Nov. 23 (Bloomberg) -- China Xiniya Fashion Ltd. sold its $88 million U.S. initial public offering at the top of the price range, while Zogenix Inc., a developer of treatments for central nervous system disorders, raised $56 million.
China Xiniya, a designer of men’s business clothes in China’s Fujian province, sold 8 million American depositary receipts at $11 apiece, according to a filing with the Securities and Exchange Commission and data compiled by Bloomberg. San Diego-based Zogenix priced 14 million shares at $4 apiece after originally offering 6 million at $12 to $14.
The deals followed the biggest week for U.S. initial sales since March 2008, according to data compiled by Bloomberg. The IPO market has stabilized after 61 offerings were postponed or withdrawn this year, with companies from General Motors Co. to LPL Investment Holdings Inc. raising more than $17 billion combined last week as the Standard & Poor’s 500 Index traded near a two-year high.

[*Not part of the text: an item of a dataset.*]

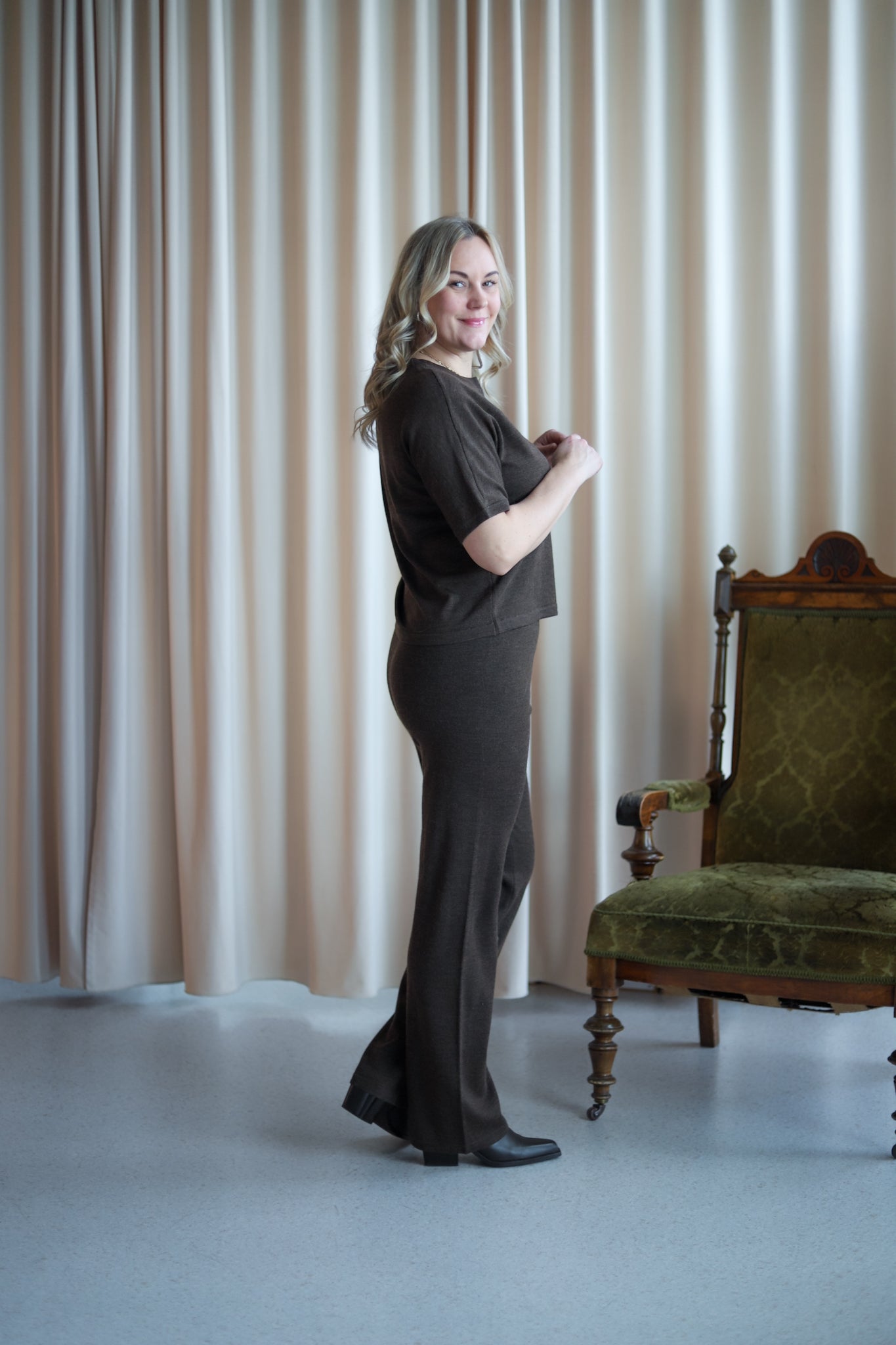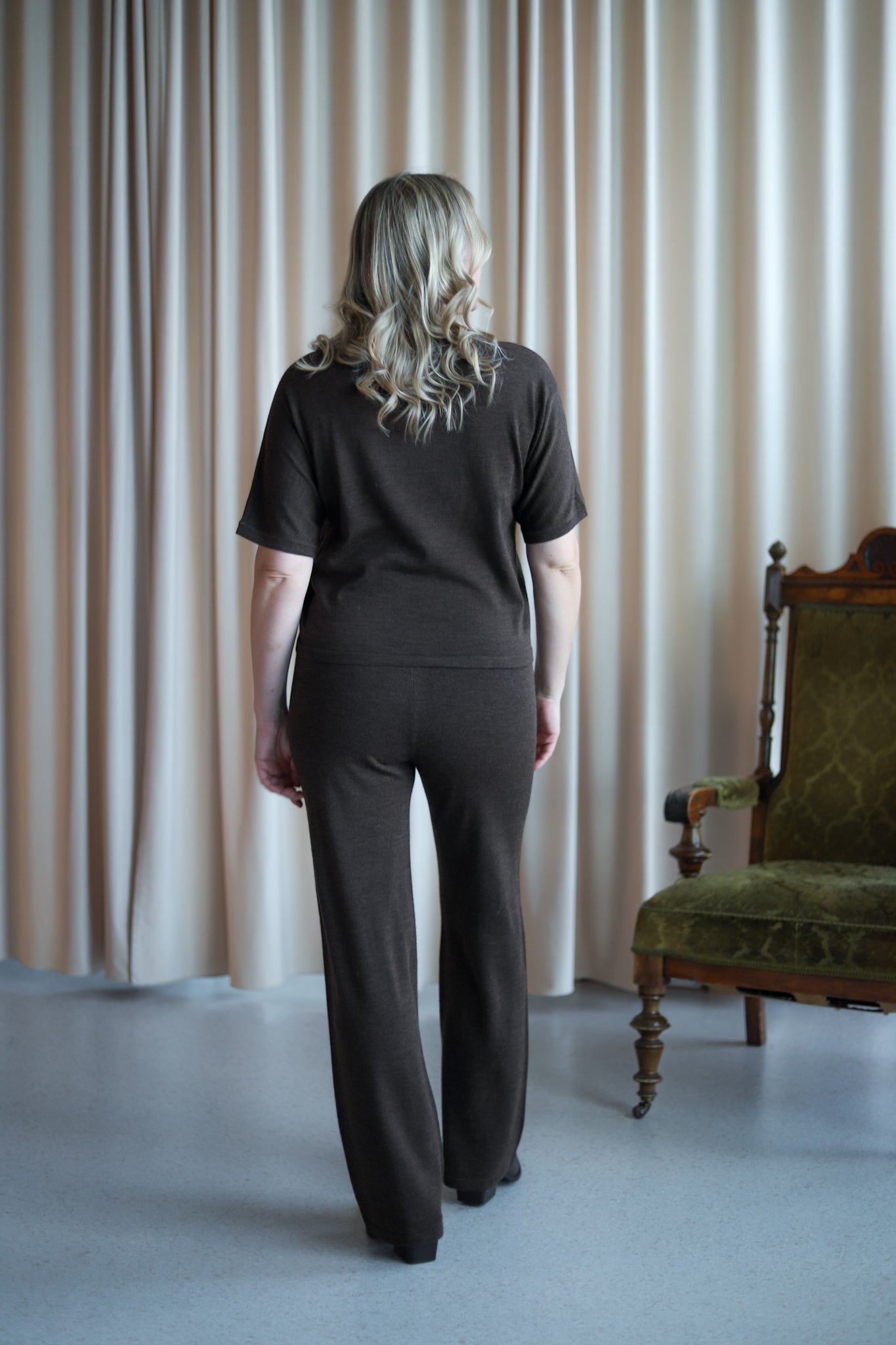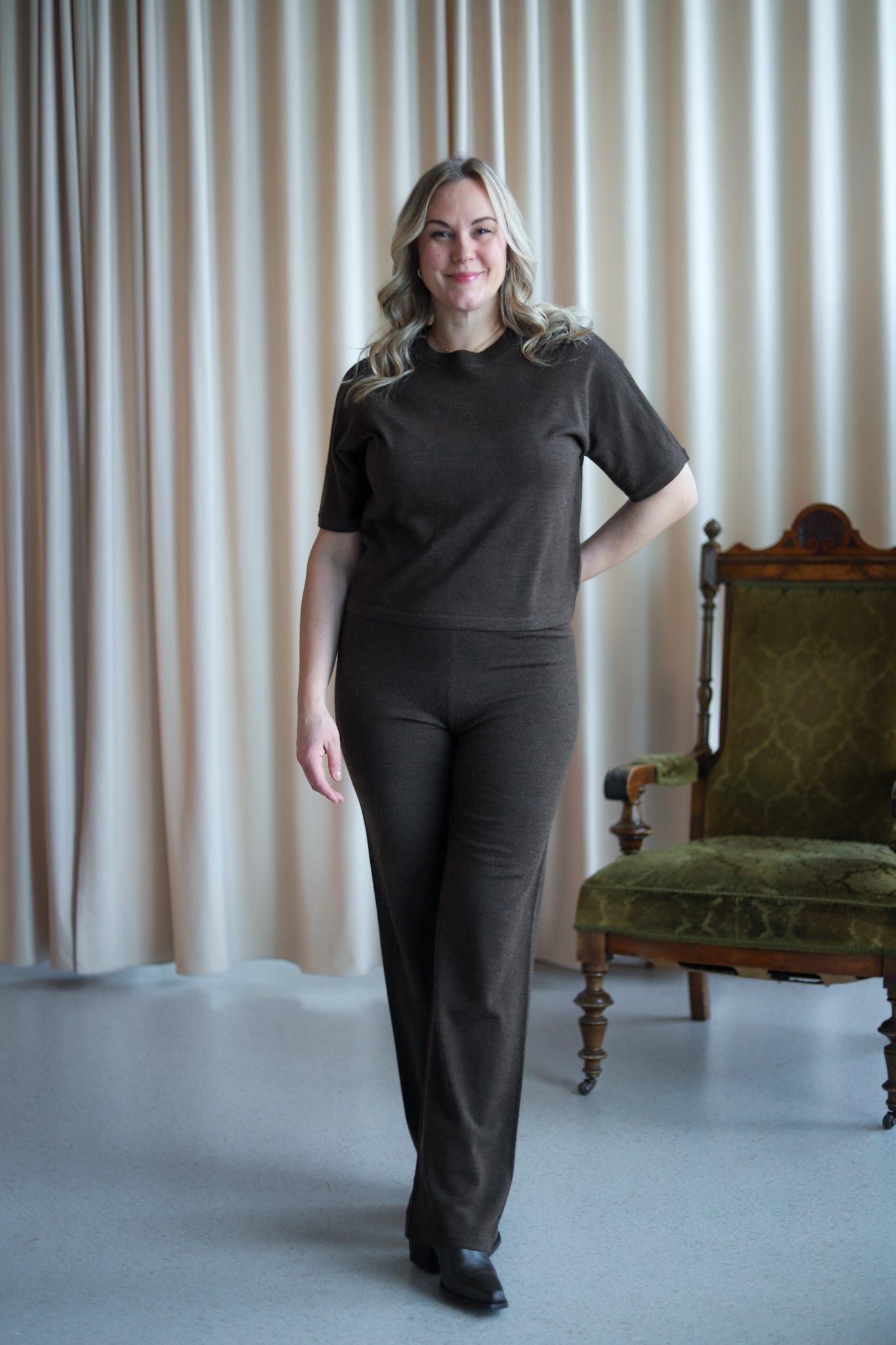 Behagelig bukse i mørk brun merinoull fra MSCH Copenhagen. Rett modell med høy midje og elastisk ribbestrikk i livet. Style med matchene topp for komplett look.

“You’re seeing a continuation of that confidence in the equity markets,” said Sean Kraus, who oversees about $2.2 billion as chief investment officer at Citizens Business Bank in Pasadena, California. Investors are “a little bit more comfortable with IPOs, even those that may not have been able to get done a few months ago,” he said.
China Xiniya slid 9.6 percent to $9.95 in New York Stock Exchange trading today. Zogenix lost 0.5 percent to $3.98 in Nasdaq Stock Market trading after earlier surging as much as 34 percent to $5.35.
The shares retreated as the S&P 500 slumped 1.4 percent today, after fighting broke out between North and South Korea and concern grew that Europe’s debt crisis and China’s efforts to tame inflation will slow the global economic rebound.
“It’s a sentiment-driven market right now,” said Josef Schuster, the Chicago-based founder of IPOX Capital Management LLC, which oversees $3 billion. “Investors are getting a little worried about what’s happening in domestic China.”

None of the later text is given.